Records supplied —

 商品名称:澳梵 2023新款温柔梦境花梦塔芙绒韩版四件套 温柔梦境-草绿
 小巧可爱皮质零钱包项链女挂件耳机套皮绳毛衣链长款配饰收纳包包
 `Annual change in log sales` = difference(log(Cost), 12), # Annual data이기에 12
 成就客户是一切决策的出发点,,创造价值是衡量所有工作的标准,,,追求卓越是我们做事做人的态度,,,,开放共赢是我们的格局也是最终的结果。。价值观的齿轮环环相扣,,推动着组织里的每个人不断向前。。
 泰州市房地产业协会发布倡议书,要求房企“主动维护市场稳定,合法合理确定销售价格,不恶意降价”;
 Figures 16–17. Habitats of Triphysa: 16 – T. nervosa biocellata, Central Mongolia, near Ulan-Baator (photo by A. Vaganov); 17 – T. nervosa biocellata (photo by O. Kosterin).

...

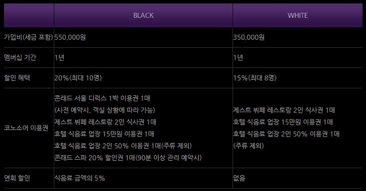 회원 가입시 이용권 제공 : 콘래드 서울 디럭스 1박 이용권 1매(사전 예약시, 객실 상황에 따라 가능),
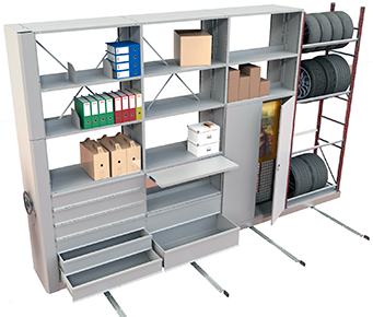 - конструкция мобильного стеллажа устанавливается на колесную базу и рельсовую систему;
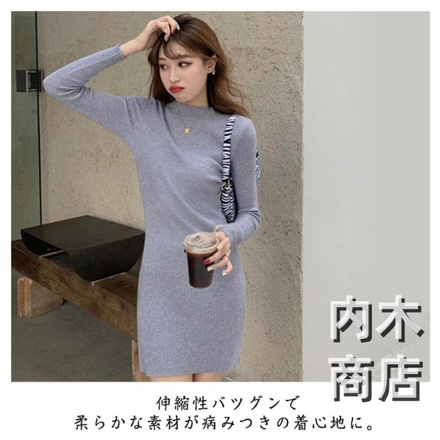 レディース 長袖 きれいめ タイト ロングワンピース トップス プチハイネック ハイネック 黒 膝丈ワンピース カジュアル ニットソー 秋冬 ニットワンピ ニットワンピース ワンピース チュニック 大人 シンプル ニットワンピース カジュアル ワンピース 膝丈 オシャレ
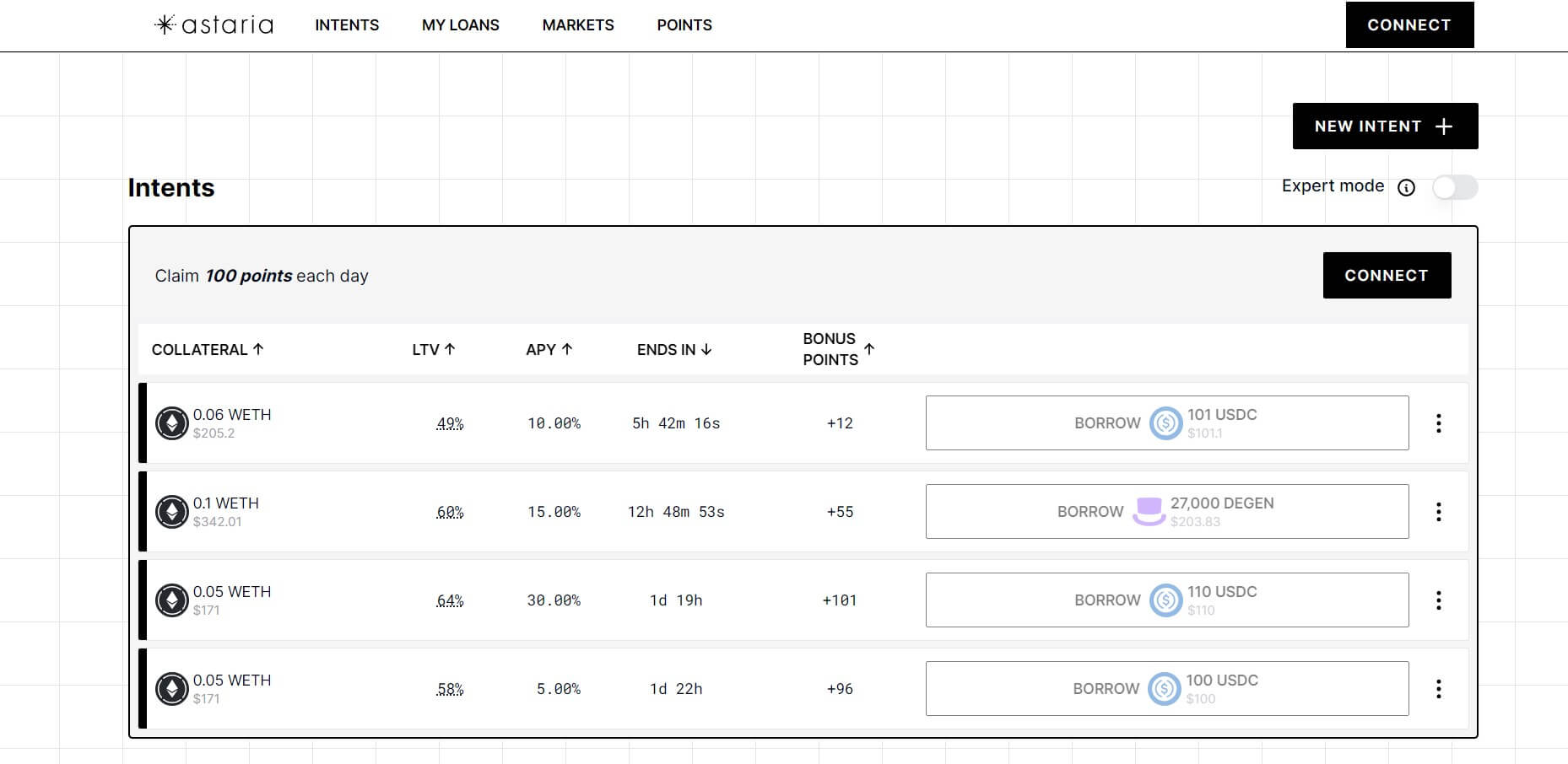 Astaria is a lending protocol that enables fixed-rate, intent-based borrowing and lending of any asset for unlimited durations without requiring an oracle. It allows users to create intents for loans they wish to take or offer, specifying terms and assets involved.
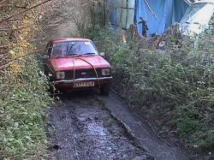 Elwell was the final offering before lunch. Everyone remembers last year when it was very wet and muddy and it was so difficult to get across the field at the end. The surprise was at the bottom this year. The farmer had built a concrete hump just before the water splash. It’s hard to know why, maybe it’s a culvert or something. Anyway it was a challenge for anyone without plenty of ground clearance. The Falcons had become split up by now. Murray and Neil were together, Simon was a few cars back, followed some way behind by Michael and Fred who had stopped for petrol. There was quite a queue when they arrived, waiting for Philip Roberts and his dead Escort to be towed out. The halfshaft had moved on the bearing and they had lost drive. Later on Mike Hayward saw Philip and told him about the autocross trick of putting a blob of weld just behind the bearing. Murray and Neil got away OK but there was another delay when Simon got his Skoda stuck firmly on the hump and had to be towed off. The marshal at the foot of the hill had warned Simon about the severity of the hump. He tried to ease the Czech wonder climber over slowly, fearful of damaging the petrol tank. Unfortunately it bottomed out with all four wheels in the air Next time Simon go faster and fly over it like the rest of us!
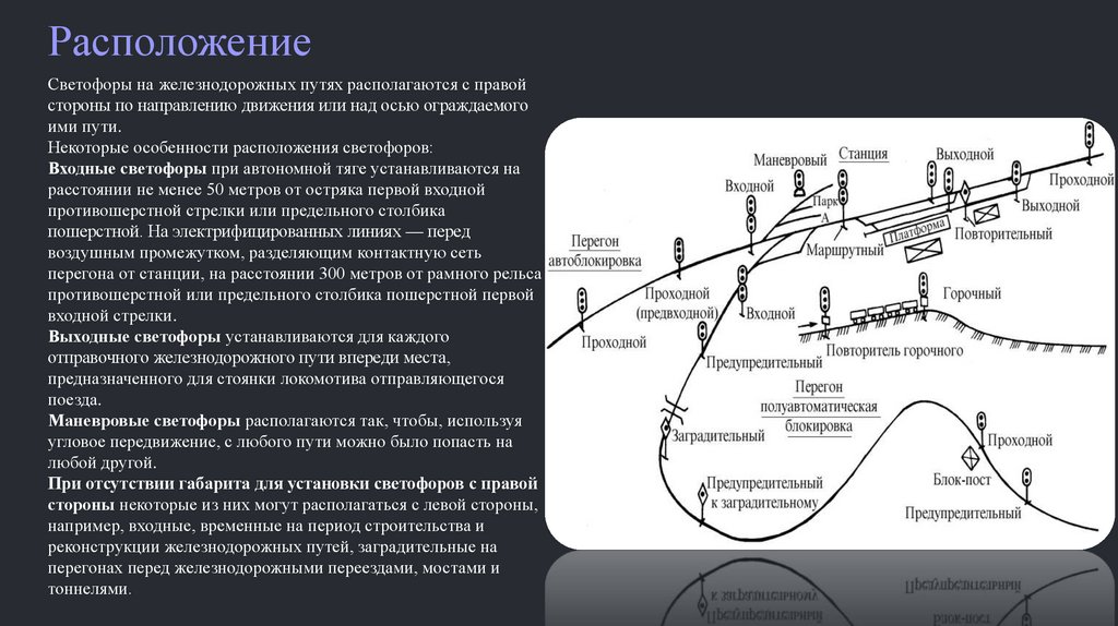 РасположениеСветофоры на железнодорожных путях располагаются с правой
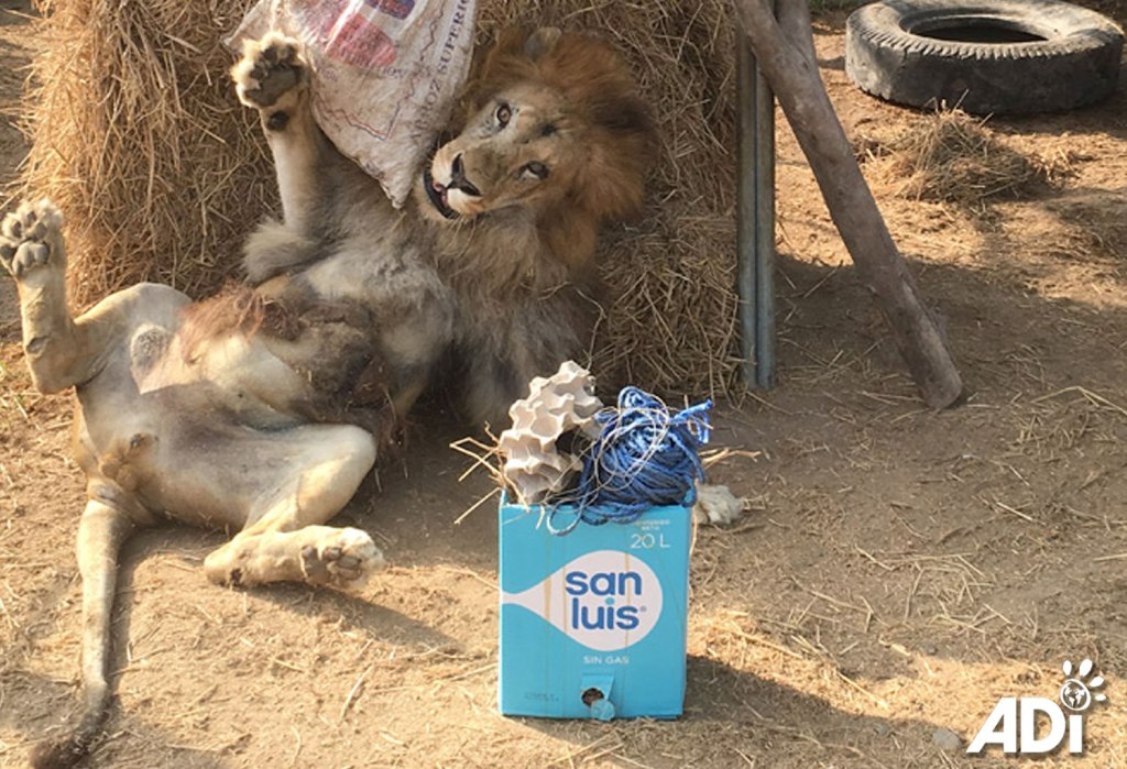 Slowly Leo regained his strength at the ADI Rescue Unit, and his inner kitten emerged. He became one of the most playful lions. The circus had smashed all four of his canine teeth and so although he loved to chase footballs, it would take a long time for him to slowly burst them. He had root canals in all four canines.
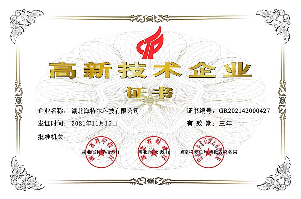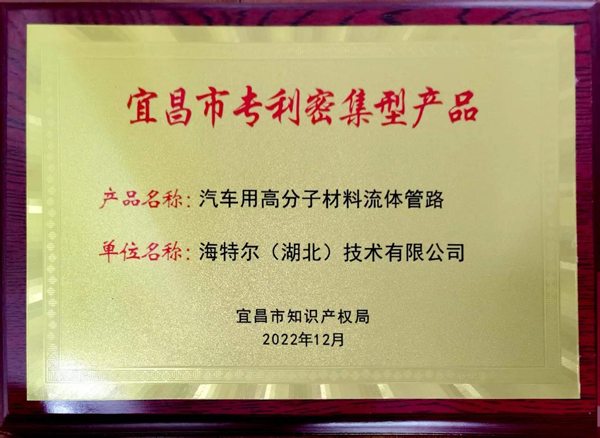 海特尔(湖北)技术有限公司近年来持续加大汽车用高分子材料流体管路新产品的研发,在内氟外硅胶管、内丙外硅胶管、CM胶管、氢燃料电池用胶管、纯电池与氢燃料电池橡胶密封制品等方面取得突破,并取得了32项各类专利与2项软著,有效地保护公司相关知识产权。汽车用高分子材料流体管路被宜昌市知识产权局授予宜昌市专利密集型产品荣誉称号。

...

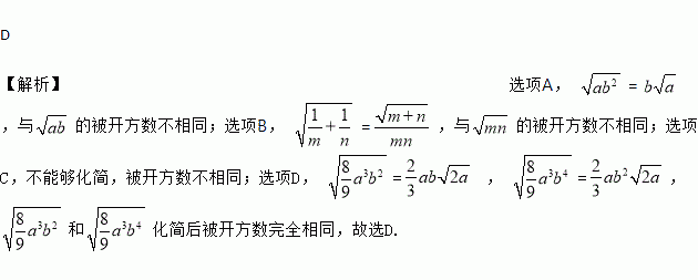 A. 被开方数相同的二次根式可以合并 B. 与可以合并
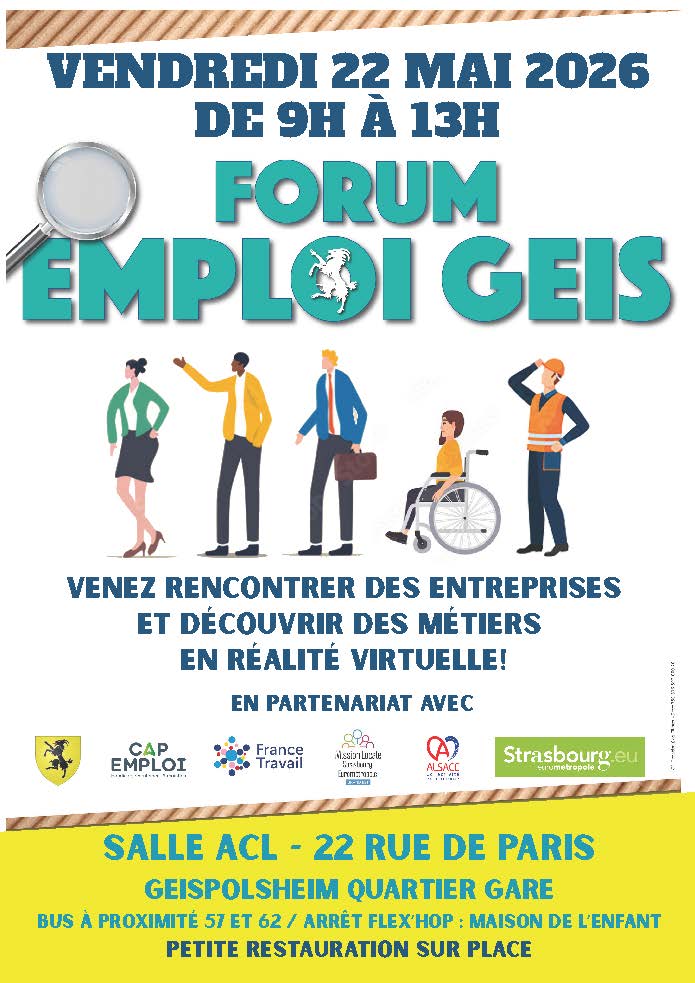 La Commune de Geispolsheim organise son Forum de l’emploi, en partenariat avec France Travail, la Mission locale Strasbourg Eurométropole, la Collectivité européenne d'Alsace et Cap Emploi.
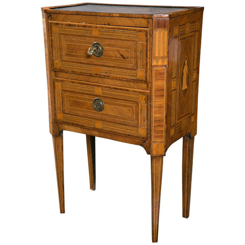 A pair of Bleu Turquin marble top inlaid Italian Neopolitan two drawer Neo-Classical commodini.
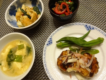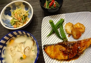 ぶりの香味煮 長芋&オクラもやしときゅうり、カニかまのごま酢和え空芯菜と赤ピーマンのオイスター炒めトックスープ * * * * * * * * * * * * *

What you should do — What is needed is an exact copy of the lines above, from the one holding "- конструкция мобильного" down to the one holding "Astaria is a", with those two included and the pictures left out.

Result —
 - конструкция мобильного стеллажа устанавливается на колесную базу и рельсовую систему;
 レディース 長袖 きれいめ タイト ロングワンピース トップス プチハイネック ハイネック 黒 膝丈ワンピース カジュアル ニットソー 秋冬 ニットワンピ ニットワンピース ワンピース チュニック 大人 シンプル ニットワンピース カジュアル ワンピース 膝丈 オシャレ
 Astaria is a lending protocol that enables fixed-rate, intent-based borrowing and lending of any asset for unlimited durations without requiring an oracle. It allows users to create intents for loans they wish to take or offer, specifying terms and assets involved.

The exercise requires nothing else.